Foreign Bathroom Series

Chapter Three, Floor Towel

The three of us gazed into the plastic closet. Roughly four feet by three feet, this was to be our bathroom for the next three nights. If it’s just my wife and I, we can typically handle anything. But this trip was different. My mother-in-law was with us. Now, that’s not a bad thing. I have a wonderful relationship with my wife’s mom. I’m so blessed to have such a woman in my life. However, I am not used to staying in the same room as her, much less using the same tiny European bathroom. She was the extra variable.
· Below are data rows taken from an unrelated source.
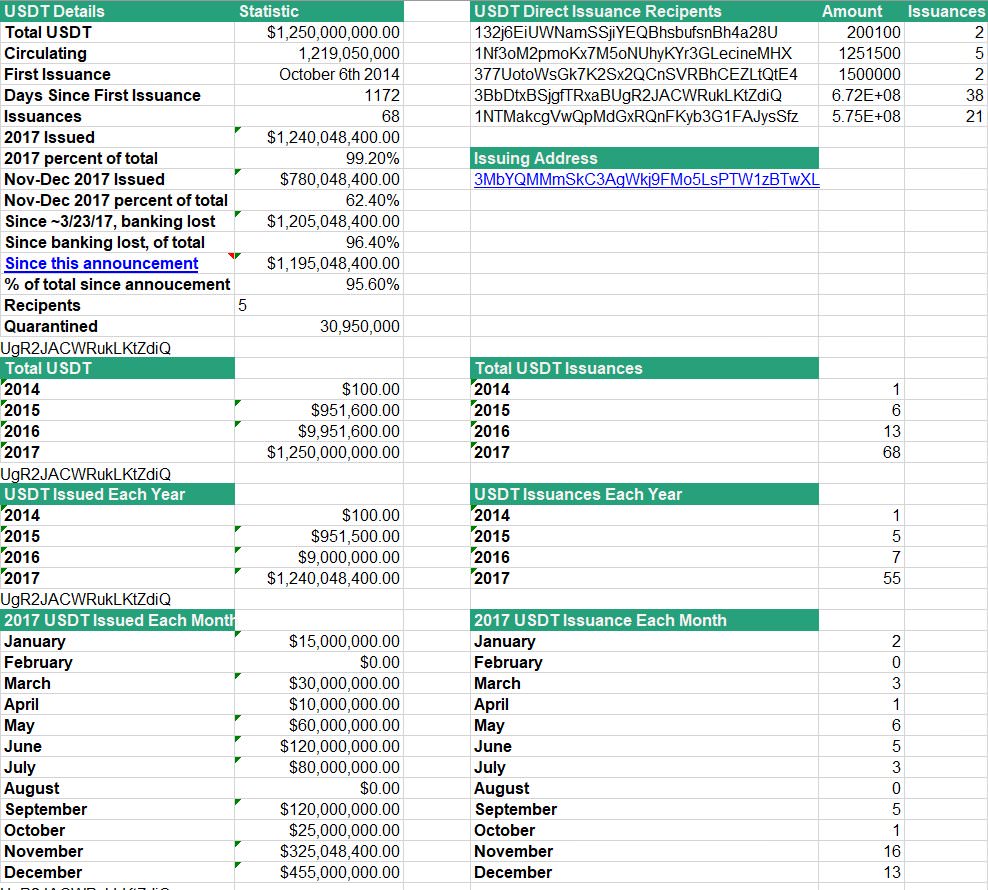 Вышеприведённая неподтверждённая статистика показывает, что в 2017 г. было выпущено 1,2 млрд USDT в сравнении со всего лишь 9 млн в 2016 г.
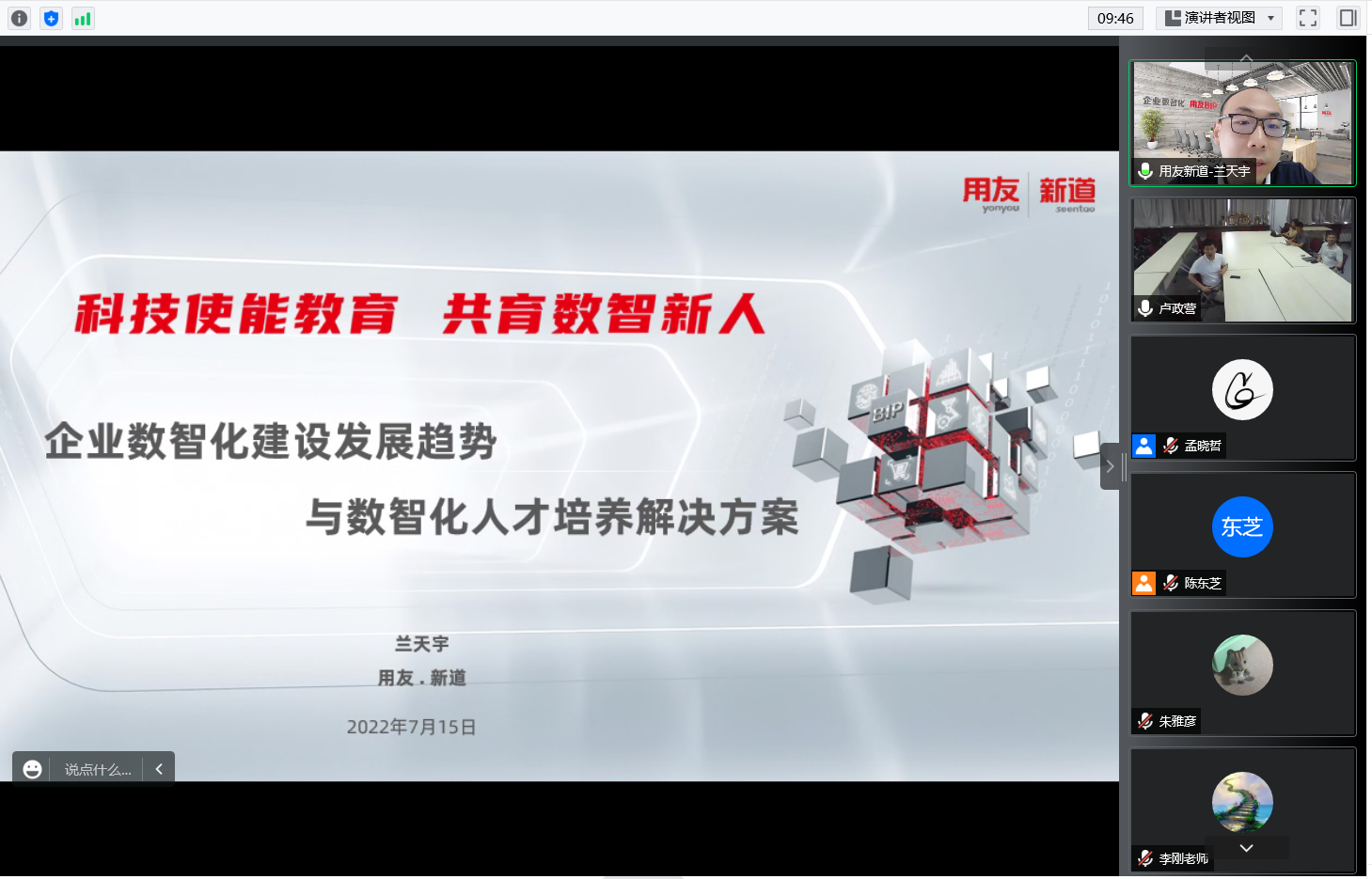 会议还邀请了用友新道的兰天宇老师进行了“企业数智化建设发展趋势与数智化人才培养解决方案”的经验交流,企业数智化是中国企业发展的新航向,同时也要求高校进行数智化人才培养。他以数字营销、数字人力等为例,介绍了数字化实践教学体系的构建,通过产教融合构建交叉学科的人才培养体系。
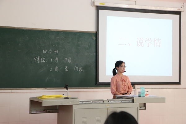 比賽分為兩個(gè)環(huán)節(jié),第一個(gè)環(huán)節(jié)是10分鐘的說課展示,第二個(gè)環(huán)節(jié)是答辯。雖然時(shí)間緊、要求高,但7位參賽教師都胸有成竹、沉著應(yīng)戰(zhàn),相繼上臺(tái)進(jìn)行說課。高平小學(xué)的黃秋燕老師是第一位選手,她的說課內(nèi)容是《四邊形的初步認(rèn)識(shí)》,黃秋燕老師分別從說教材、說教學(xué)目標(biāo)、說學(xué)情、說教學(xué)重難點(diǎn)、說教法學(xué)法、說教學(xué)過程、說板書設(shè)計(jì)這七個(gè)方面展示自己的說課,用精妙的語言詮釋了自己對教材的獨(dú)特理解和匠心設(shè)計(jì),給大家描繪出了一個(gè)生動(dòng)的課堂,展現(xiàn)出教育的智慧和個(gè)人的獨(dú)特風(fēng)采。最終,黃秋燕老師以全場第二名的高分獲得三角鎮(zhèn)說課比賽的一等獎(jiǎng)。
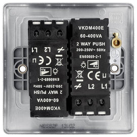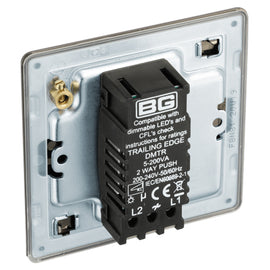 Satin Brass Evolve 2 Gang 200W Intelligent Trailing Edge Dimmer Switch - Black Insert
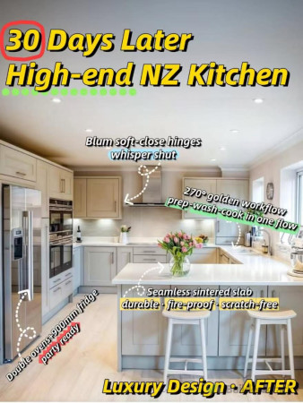 With teams in Hamilton and Auckland, we supply and install kitchens, bathrooms, flooring, garage doors, and custom curtains/blinds — no job too small.
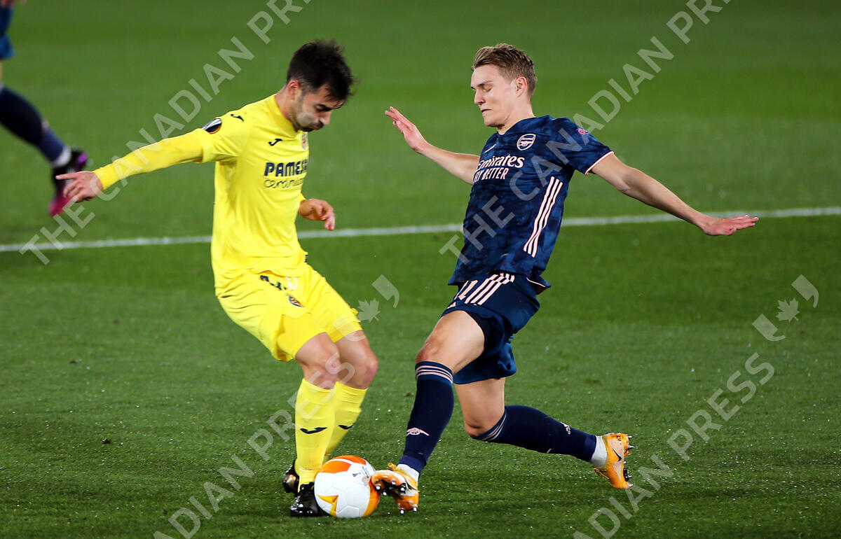 Villarreal's Manuel Trigueros and Arsenal’s Martin Odegaard (right) battle for the ball during the UEFA Europa League Semi Final First Leg match at the Estadio de la Ceramica in Villarreal, Spain. Picture date: Thursday April 29, 2021.
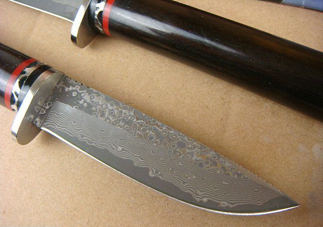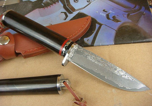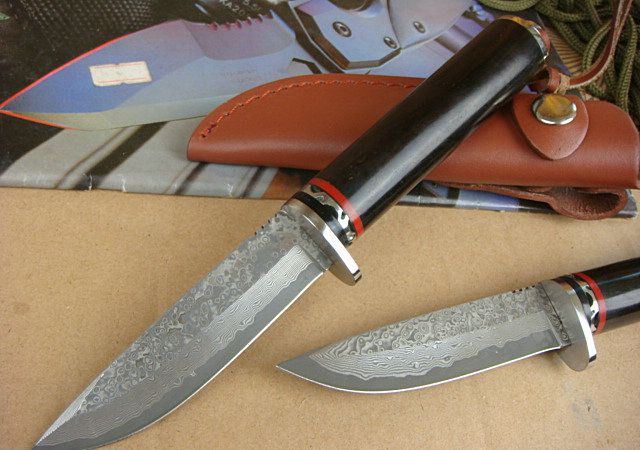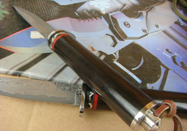 名贵黑檀木大马士革手工刀 全 长: 20.8cm 刃 长: 9.3cm 刃 宽: 2.5cm 刃 厚: 2.5mm 柄 长: 10cm 刃 材: 进口大马士革钢 硬 度: 58HRC 净 重: 100g 总 重: 130克(含皮套) 表 面: 花纹原色 柄 材: 全钢+精镶天然名贵黑檀木材 其 他: 牛皮刀套
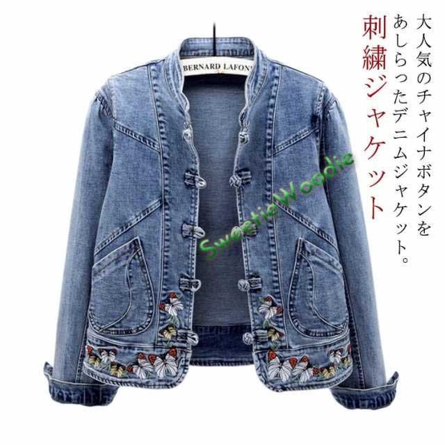送料無料 デニムジャケット 刺繍 春新作 レディースアウター エスニック系 チャイナボタン 長袖 Gジャン 立ち襟 ジャケット ブルゾン 刺繍ジャケット 春 秋 30代 40代 50代
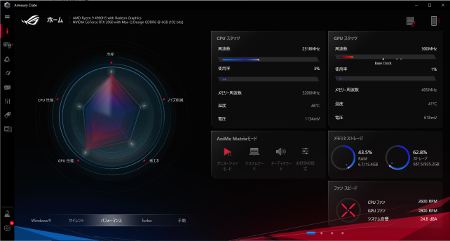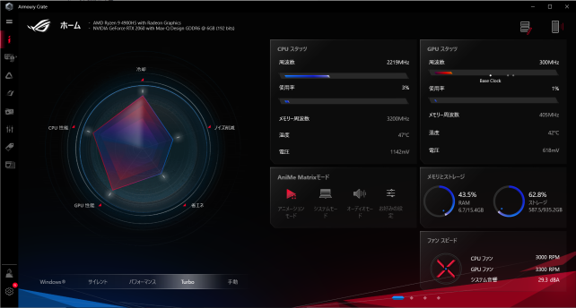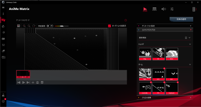 Anime Matrix 今回購入したPCはこのAnime Matrix機能付きなので、設定もこのツールから変更できます・・・(正直なところ最初遊んだだけで後は切ってますw まぁネタツールですねw)
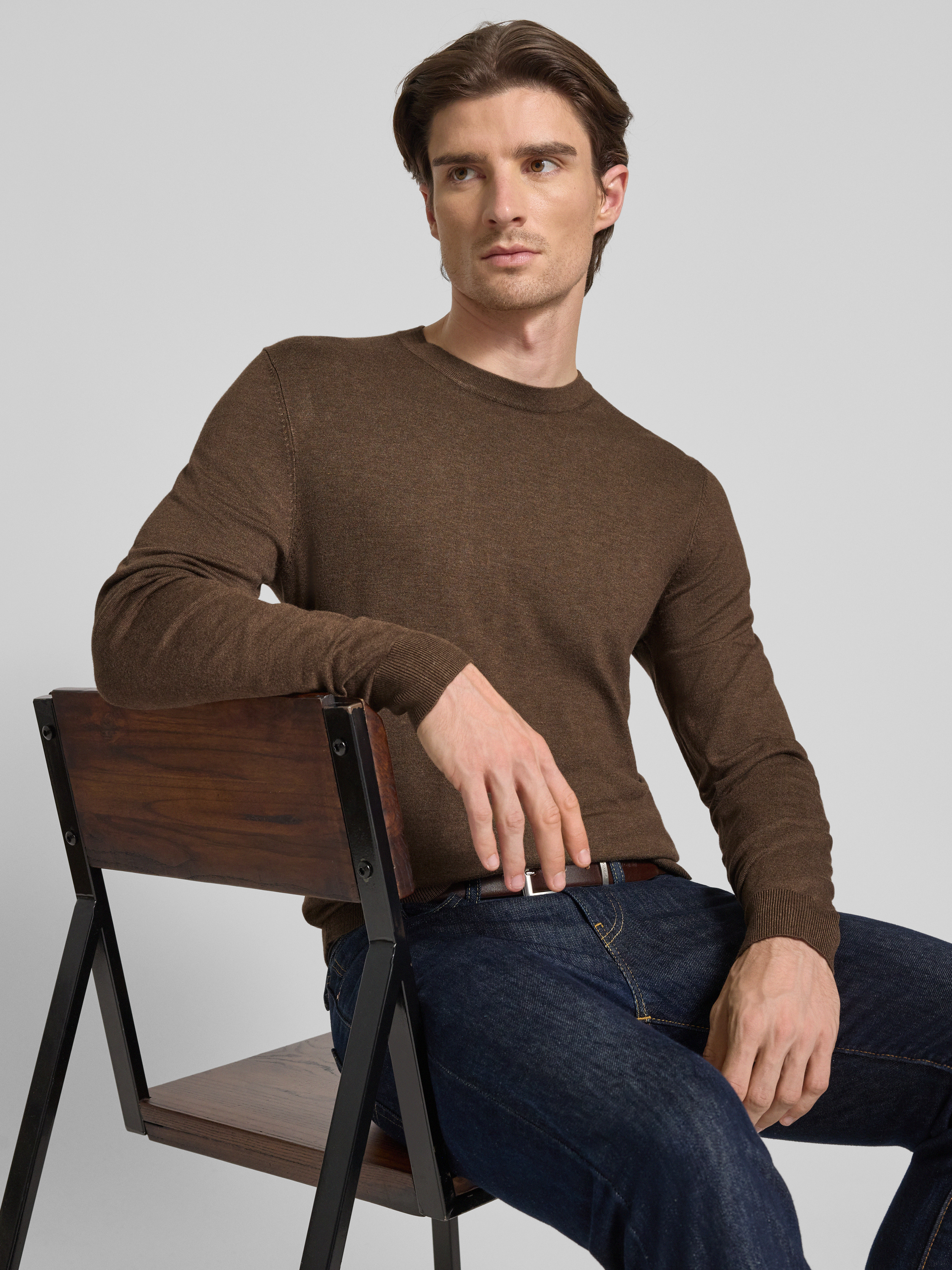 Der Herren Strickpullover von MCNEAL aus Viskose-Mix überzeugt durch seinen angenehmen Regular-Fit, der viel Bewegungsfreiheit im Alltag lässt. Gerippte Abschlüsse und der klassische Rundhalsausschnitt unterstreichen den zeitlosen Stil, während die hochwertige Verarbeitung für ein angenehmes Tragegefühl sorgt. Dank der pflegeleichten Materialmischung eignet sich das Modell besonders gut für unterschiedliche Anlässe.
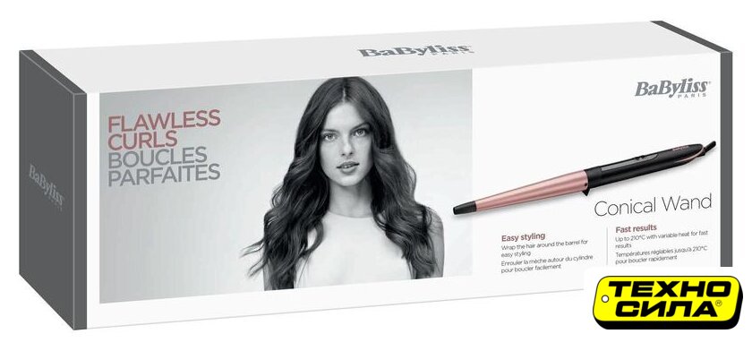 конусная плойка, керамика, регулировка температуры: 30 режимов, максимальная температура: 210 °С, нагрев 45 с

Americans, like myself, are used to a certain comfort when it comes to size of bathroom and shower. Our hotel room in Paris boasted your standard fare European facilities. The Teacup Poodle of bathrooms. The shower, sink, toilet, door, and walls were all made of hard plastic. It looked like a prefabricated room that somebody had dropped into place. We looked around and discovered that there were only two towels. But I got a third towel from the desk.

After a long day of walking and seeing the sites, it’s nice to take a hot shower. But such a tiny plastic room never dries. It simply drips and steams until you finally leave, wondering how the next tenant will handle such a miniscule bathroom. I cleaned up, shaved, and changed. Opening the door, my wife poked her head in and asked, “where did you get that towel?”

“Which one?”

“The one you’re standing on,” she continued.

“Oh, that’s just the floor towel,” I said, confidently.

“Floor towel?”

“You know,” I condescended, “the bathmat.”

She looked at me, confused, “we only have the three towels. You had to get another one from the desk, remember?”

For three days, I had been using my sweet mother-in-law’s towel as a bathmat. But she never said anything. I doubt that she had a dry towel that entire trip.